(Press-News.org)
SEYCHELLES — Coastal planners take heed: Newly uncovered evidence from fossil corals found on an island chain in the Indian Ocean suggests that sea levels could rise even more steeply in our warming world than previously thought.
"This is not good news for us as we head into the future," says Andrea Dutton, a professor of geoscience at the University of Wisconsin–Madison. Dutton and her PhD student Karen Vyverberg at the University of Florida led an international collaboration that included researchers from University of Sydney, University of Minnesota Twin Cities, Victoria University of Wellington and University of Massachusetts Amherst who analyzed fossilized corals discovered in the Seychelles islands.
These particular fossils provided an exceptional opportunity for the researchers to reconstruct past sea levels. That's in part because they're remnants of coral species that only live in shallows very near the sea surface. Their tropical location also means they were far away from any past ice sheets, which have a more pronounced effect on local sea levels.
By determining the ages of two dozen fossil corals from various elevations on the islands and analyzing the sediments around the fossils, the team gathered a wealth of insights. The findings will be published June 13 in the journal Science Advances.
First, the team was able to confirm the timing of peak global sea levels to between 122 and 123,000 years ago. That was during a period known as the Last Interglacial, when global temperatures were actually very similar to what they are now. Such a precise date gives us a better understanding of the relationship between global climate and sea levels.

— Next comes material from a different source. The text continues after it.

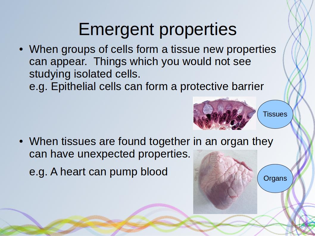 - Multicellular organisms have properties that emerge from the interaction of their cellular components, (Emergent properties).

Perhaps more importantly, though, the researchers discovered that there were three distinct periods of sudden and sharp sea-level rise over the 6,000 years leading up to peak sea levels during the Last Interglacial. These abrupt pulses of sea-level rise were punctuated by periods of falling seas, and Dutton says they point to times when the polar ice sheets in Greenland and Antarctica — thousands of miles away from the Seychelles islands — were changing rapidly.

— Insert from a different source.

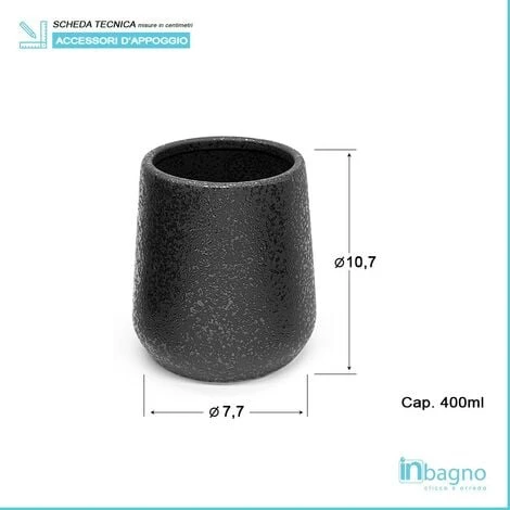 - Dimensioni portaspazzolino: L 9 x P 9 x H 11 cm

"That says there's potential for this very rapid, dynamic change in both ice sheet volume and sea level change," says Dutton. "This is hugely important for coastal planners, policy makers and those in the business of risk management."
These rises and falls in sea level that the team documented also point to a key difference between the present and the Last Interglacial, which is sometimes used as a model for understanding how the current and future climate could affect ice sheets and sea levels due to the similar temperatures between the two time periods.
"These swings suggest that the polar ice sheets were growing and shrinking out of phase with each other as a result of temperature changes in the two hemispheres that were also not aligned," says Dutton. "So even though sea level rose at least several meters higher than present during this past warm period, if temperature rises simultaneously in both hemispheres as it is today, then we can expect future sea level rise to be even greater than it was back then."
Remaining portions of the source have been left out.